Families of Bloody Sunday victims celebrate report
The Bloody Sunday Inquiry, also known as the Saville Inquiry or the Saville Report after its chairman, Lord Saville of Newdigate, was established in 1998 by Prime Minister Tony Blair after campaigns for a second inquiry by families of those killed and injured in Derry on Bloody Sunday (30 January 1972). It was published 15 June 2010.
The long-awaited report turned the disgraceful Widgery report (19 April 1972) on its head by exonerating the victims and delivering a damning account of the conduct of soldiers.

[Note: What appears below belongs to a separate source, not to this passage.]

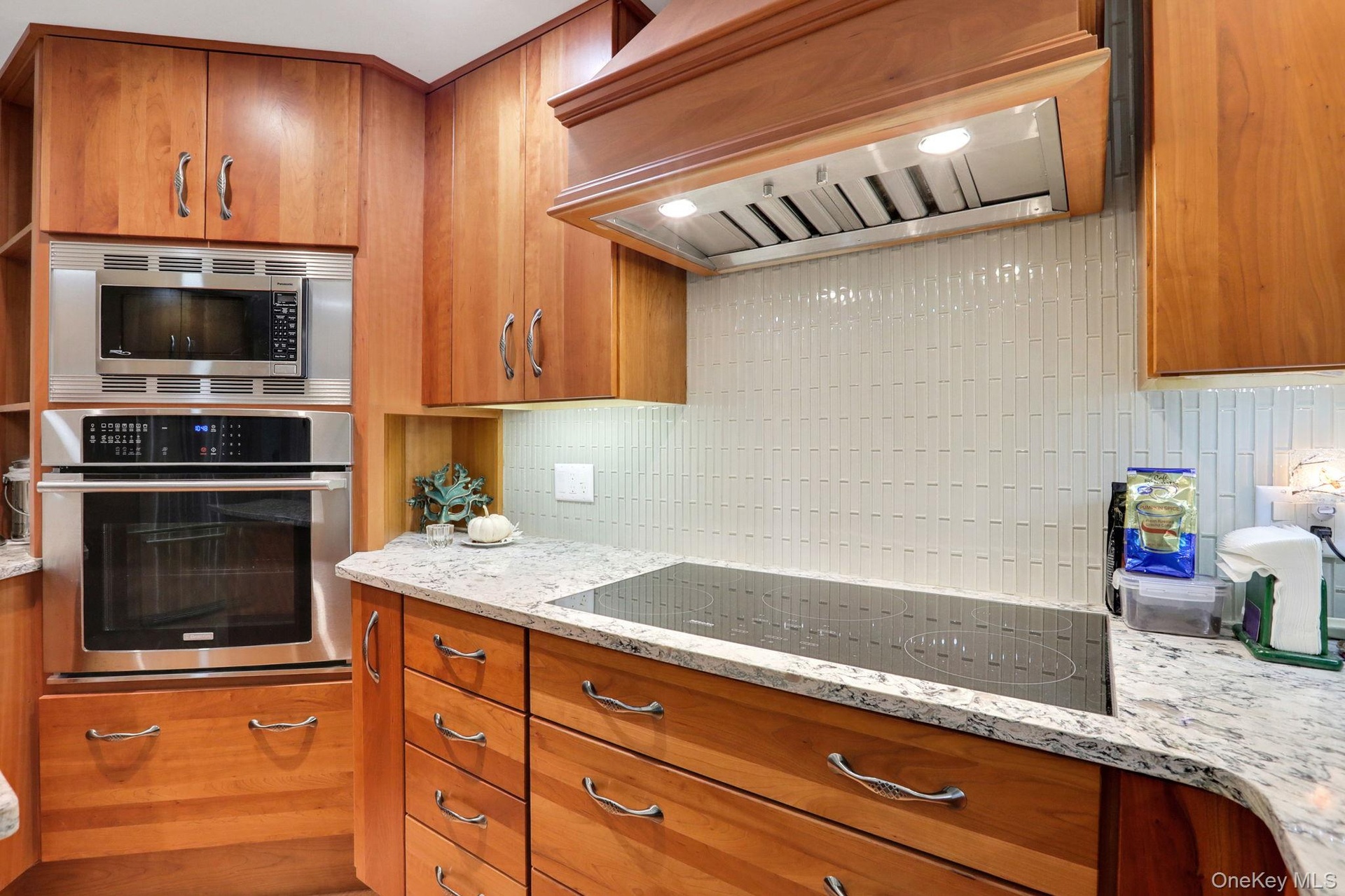 - Kitchen featuring decorative backsplash, extractor fan, stainless steel appliances, light stone countertops, and brown cabinetry
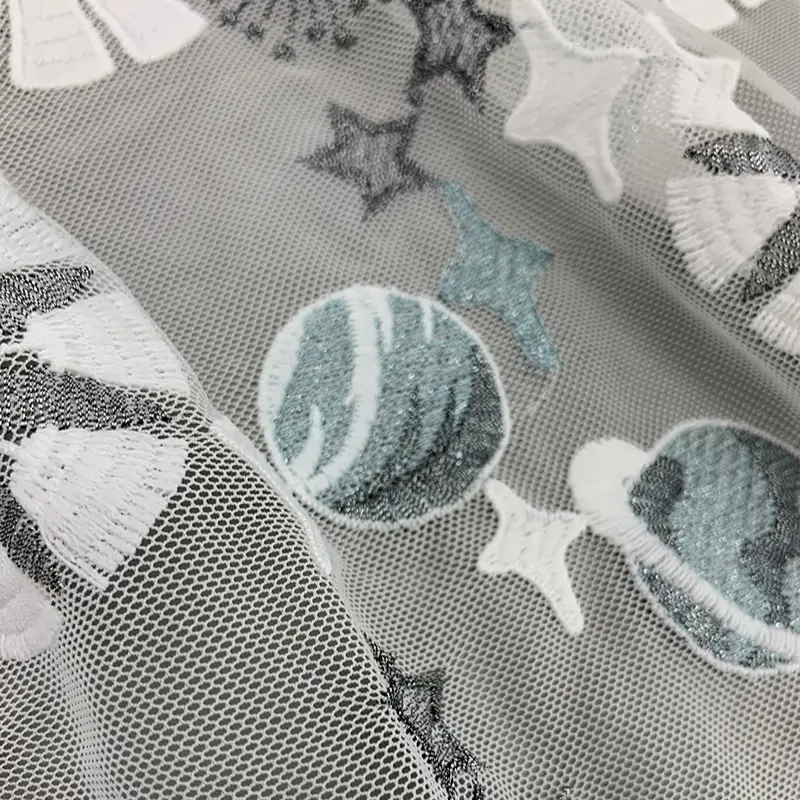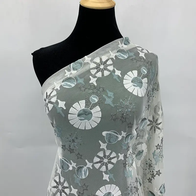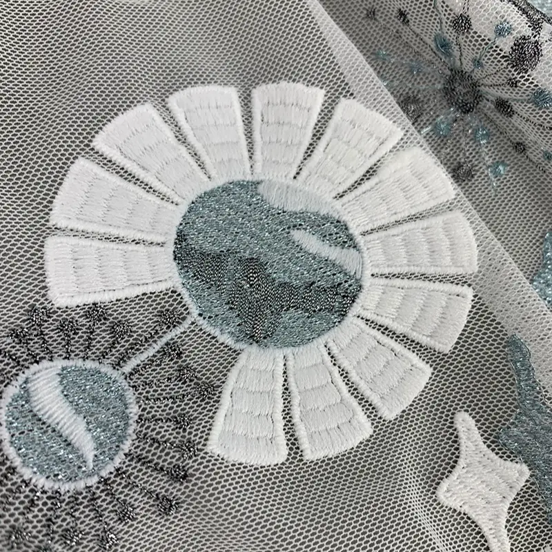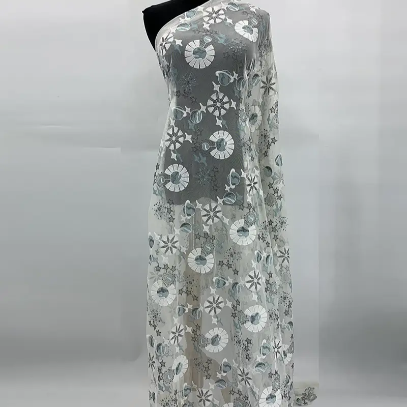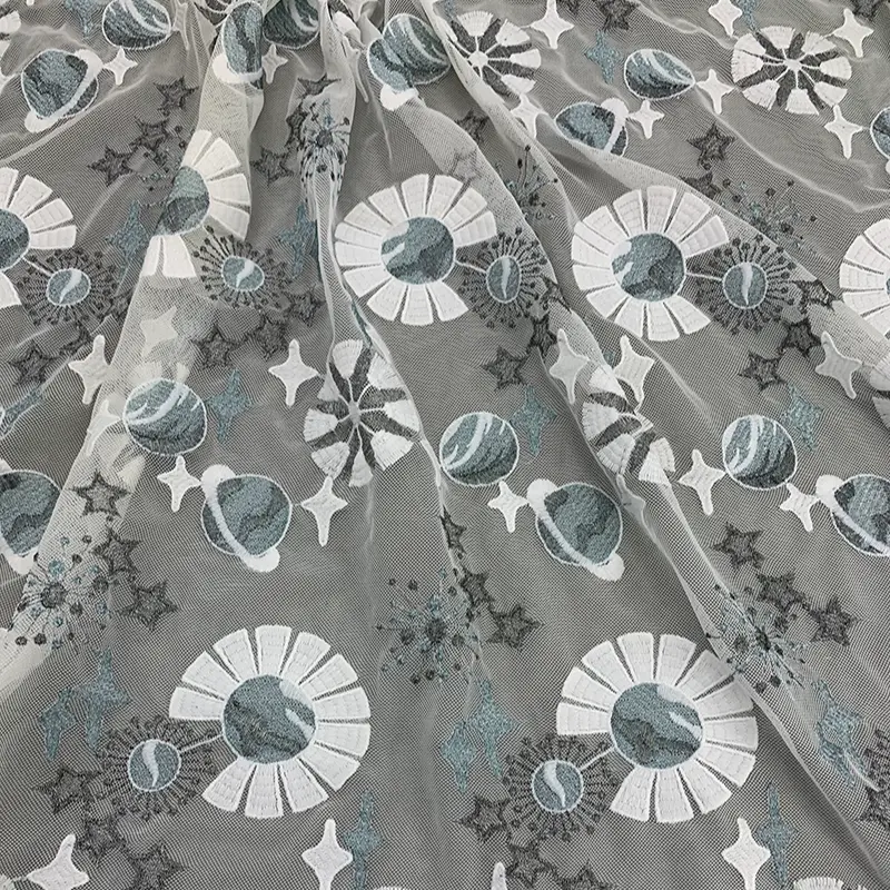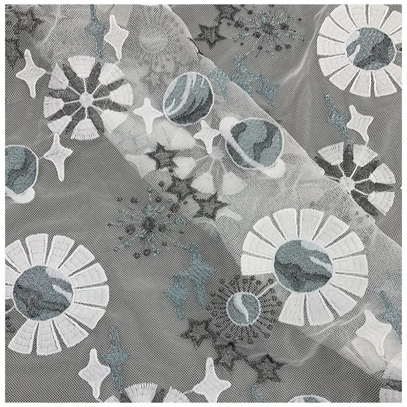 This whimsical embroidered mesh fabric features a dreamy cosmic theme with planets, stars, and abstract galactic motifs in a subtle palette of white, silver, and metallic tones. The large daisy-like floral centers juxtaposed with orbiting celestial shapes create a playful yet futuristic aesthetic that feels both artistic and fashion-forward.

It concluded soldiers had fired more than 100 rifle rounds, killed 14 people and injured more without justification. The report's key findings were:
"The firing by soldiers of 1 Para caused the deaths of 13 people and injury to a similar number, none of whom was posing a threat of causing death or serious injury." This also applied to the 14th victim, who died later from injuries. The report added: "We found no instances where it appeared to us that soldiers either were or might have been justified in firing";
"Despite the contrary evidence given by soldiers, we have concluded that none of them fired in response to attacks or threatened attacks by nail or petrol bombers." The report added that no one threw, or threatened to throw, nail or petrol bombs at soldiers;
The explanations given by soldiers were rejected, with a number said to have "knowingly put forward false accounts";
Members of the so-called Official IRA fired a shot at troops, but missed their target, though crucially it was concluded it was the paratroopers who shot first on Bloody Sunday;
The report recounts how some soldiers had their weapons cocked in contravention of guidelines, and that no warnings were issued by Paratroopers who opened fire;
Speculation that unknown IRA gunmen had been wounded or killed by troops, and their bodies spirited away, is also dismissed. There was no evidence to support it, and it would surely have come to light, the report said.
Saville said British soldiers should not have been ordered to enter the Bogside area as "Colonel Wilford either deliberately disobeyed Brigadier MacLellan’s order or failed for no good reason to appreciate the clear limits on what he had been authorised to do". The report stated five British soldiers aimed shots at civilians they knew did not pose a threat and two other British soldiers shot at civilians "in the belief that they might have identified gunmen, but without being certain that this was the case".